▶ _TASK STATEMENT_
Output only the lines below from the one holding "Дворфа, чаще всего, можно" down to the one holding "Indian Nail Art", both end lines included and every picture dropped.

▶ _RECORDS SUPPLIED_
==*==
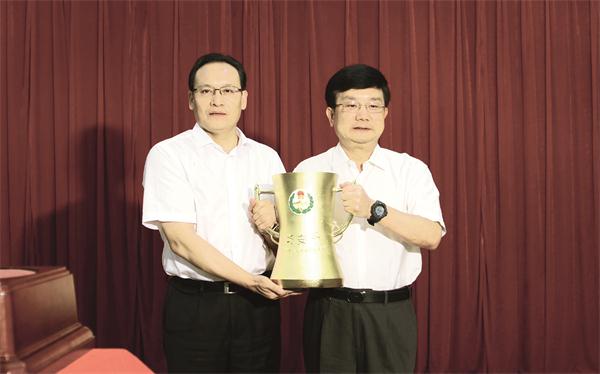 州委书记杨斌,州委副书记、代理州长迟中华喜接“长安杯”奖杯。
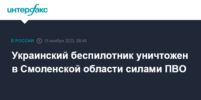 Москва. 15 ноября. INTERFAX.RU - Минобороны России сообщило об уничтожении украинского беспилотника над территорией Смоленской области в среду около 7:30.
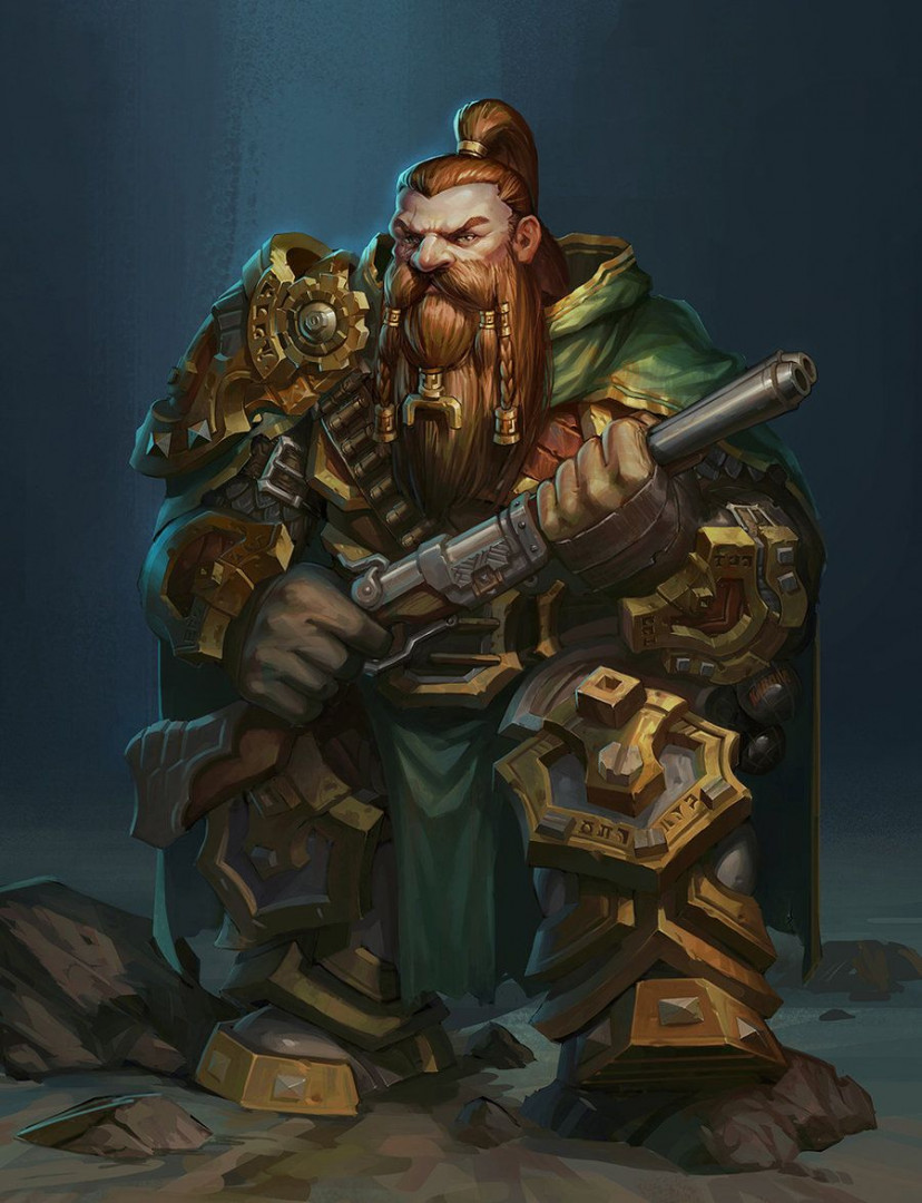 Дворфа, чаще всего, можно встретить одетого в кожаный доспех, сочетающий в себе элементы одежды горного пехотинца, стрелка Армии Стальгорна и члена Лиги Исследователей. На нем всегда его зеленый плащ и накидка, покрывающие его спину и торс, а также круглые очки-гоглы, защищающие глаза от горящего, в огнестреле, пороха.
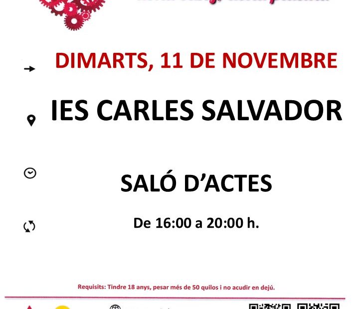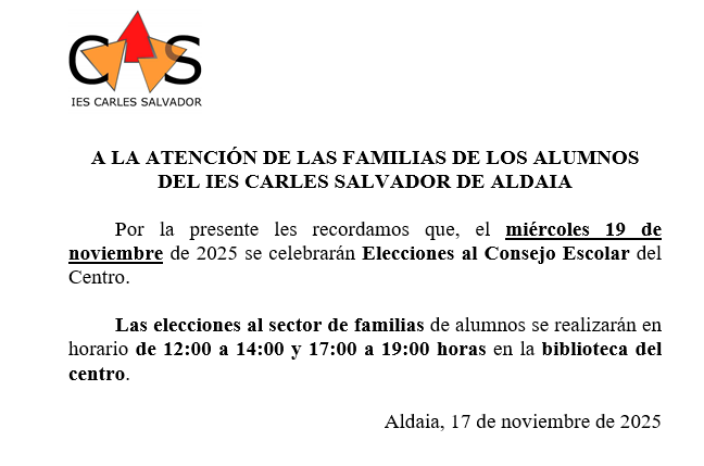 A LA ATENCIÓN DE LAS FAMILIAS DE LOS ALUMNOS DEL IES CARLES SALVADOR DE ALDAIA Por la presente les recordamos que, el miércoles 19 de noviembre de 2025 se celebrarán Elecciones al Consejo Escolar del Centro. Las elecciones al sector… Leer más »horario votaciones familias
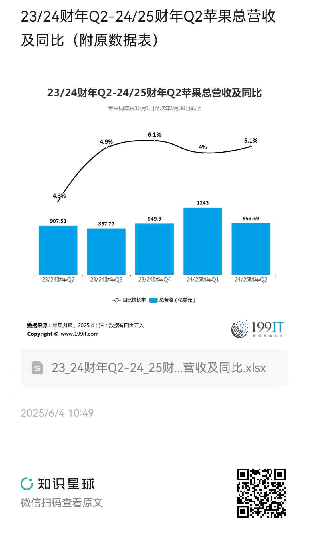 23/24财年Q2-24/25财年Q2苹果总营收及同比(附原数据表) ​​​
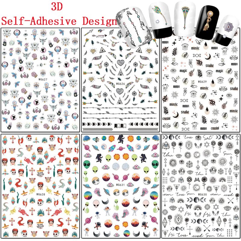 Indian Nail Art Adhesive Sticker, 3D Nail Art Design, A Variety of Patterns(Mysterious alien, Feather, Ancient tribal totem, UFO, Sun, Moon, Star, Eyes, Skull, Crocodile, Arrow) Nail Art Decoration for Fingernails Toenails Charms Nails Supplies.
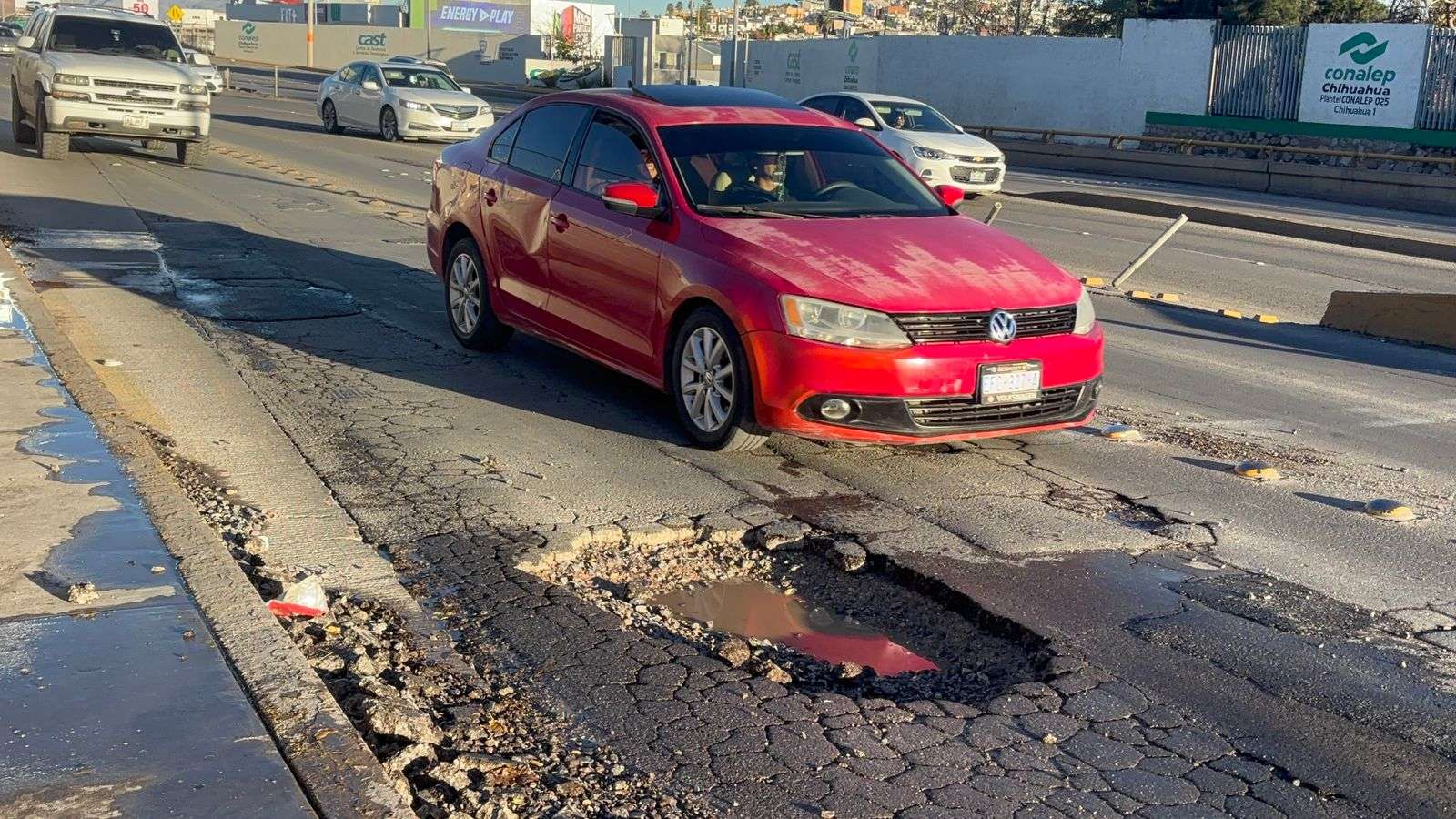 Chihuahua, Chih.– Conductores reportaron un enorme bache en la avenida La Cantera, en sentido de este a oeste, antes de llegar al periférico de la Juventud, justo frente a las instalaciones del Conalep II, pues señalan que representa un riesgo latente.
==*==
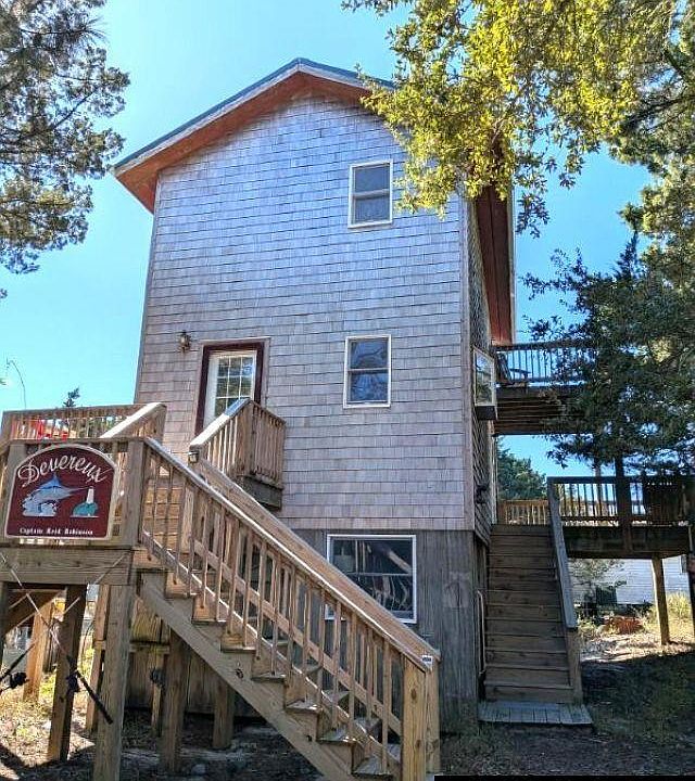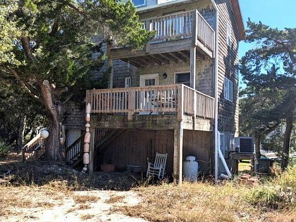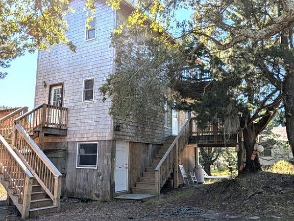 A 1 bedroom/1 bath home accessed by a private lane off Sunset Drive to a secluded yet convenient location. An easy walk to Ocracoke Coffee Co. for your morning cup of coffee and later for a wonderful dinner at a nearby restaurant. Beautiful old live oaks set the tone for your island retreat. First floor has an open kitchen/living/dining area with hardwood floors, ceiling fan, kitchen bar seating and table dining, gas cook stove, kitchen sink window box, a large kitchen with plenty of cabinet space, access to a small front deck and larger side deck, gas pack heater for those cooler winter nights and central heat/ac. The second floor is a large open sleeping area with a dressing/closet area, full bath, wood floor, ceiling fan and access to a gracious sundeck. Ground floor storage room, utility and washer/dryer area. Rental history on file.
==*==
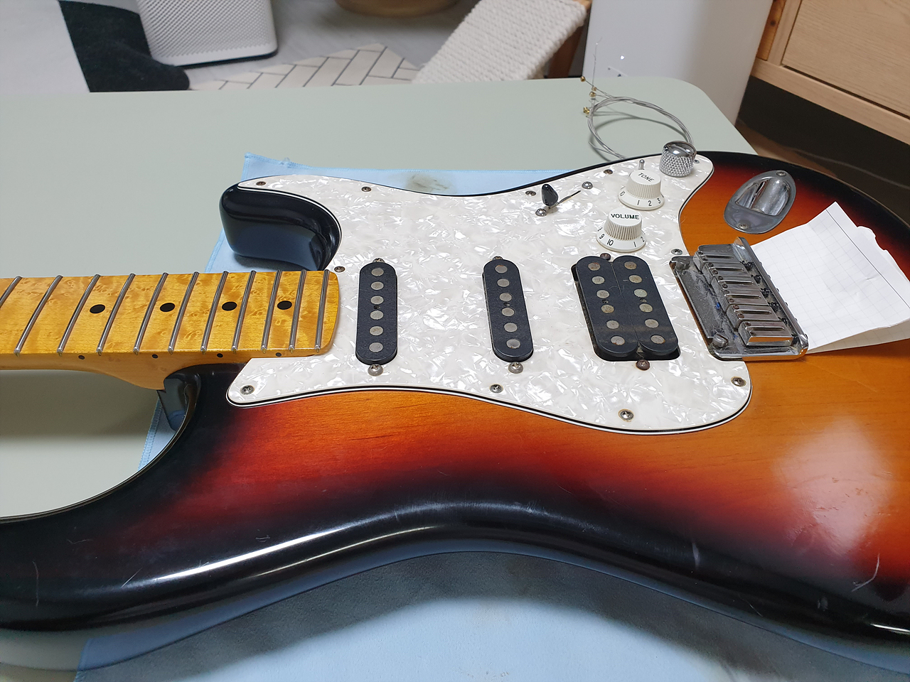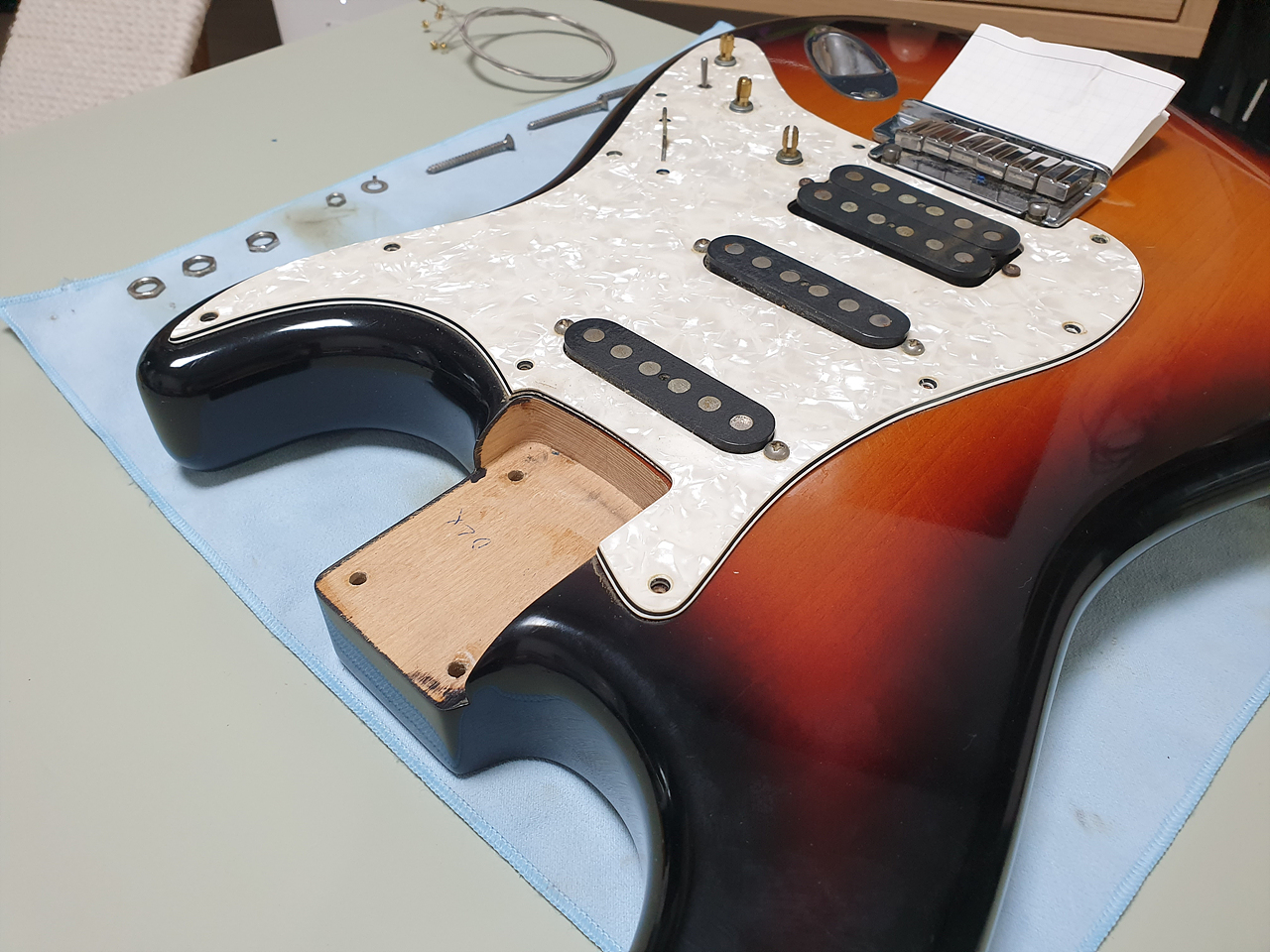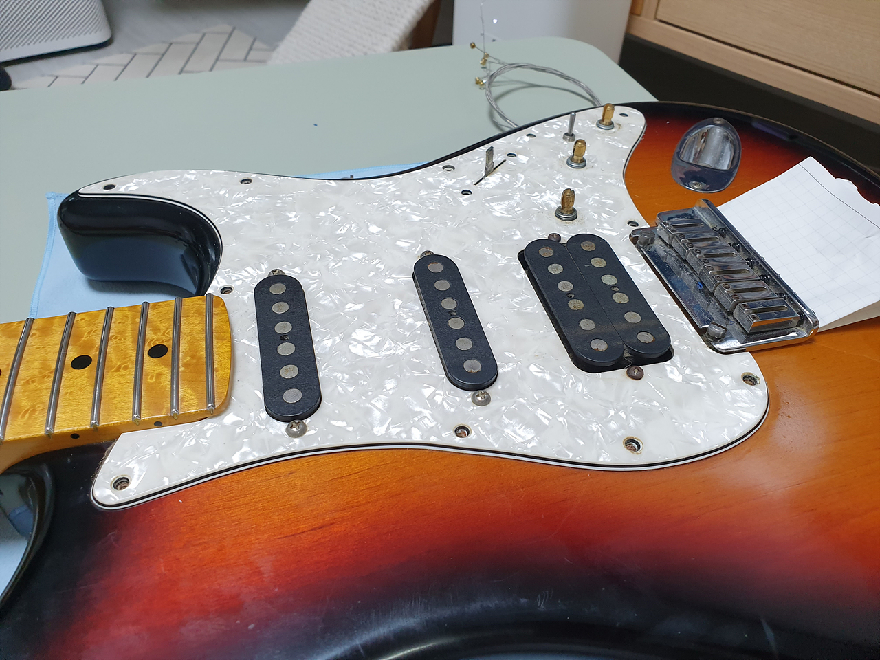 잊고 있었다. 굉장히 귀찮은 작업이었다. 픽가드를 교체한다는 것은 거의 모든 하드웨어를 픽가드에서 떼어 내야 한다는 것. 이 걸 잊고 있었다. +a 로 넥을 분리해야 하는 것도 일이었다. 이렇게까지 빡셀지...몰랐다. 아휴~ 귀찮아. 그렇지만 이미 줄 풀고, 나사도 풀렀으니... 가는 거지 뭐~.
==*==
▶ _OUTPUT BELOW_
 Дворфа, чаще всего, можно встретить одетого в кожаный доспех, сочетающий в себе элементы одежды горного пехотинца, стрелка Армии Стальгорна и члена Лиги Исследователей. На нем всегда его зеленый плащ и накидка, покрывающие его спину и торс, а также круглые очки-гоглы, защищающие глаза от горящего, в огнестреле, пороха.
 A LA ATENCIÓN DE LAS FAMILIAS DE LOS ALUMNOS DEL IES CARLES SALVADOR DE ALDAIA Por la presente les recordamos que, el miércoles 19 de noviembre de 2025 se celebrarán Elecciones al Consejo Escolar del Centro. Las elecciones al sector… Leer más »horario votaciones familias
 23/24财年Q2-24/25财年Q2苹果总营收及同比(附原数据表) ​​​
 Indian Nail Art Adhesive Sticker, 3D Nail Art Design, A Variety of Patterns(Mysterious alien, Feather, Ancient tribal totem, UFO, Sun, Moon, Star, Eyes, Skull, Crocodile, Arrow) Nail Art Decoration for Fingernails Toenails Charms Nails Supplies.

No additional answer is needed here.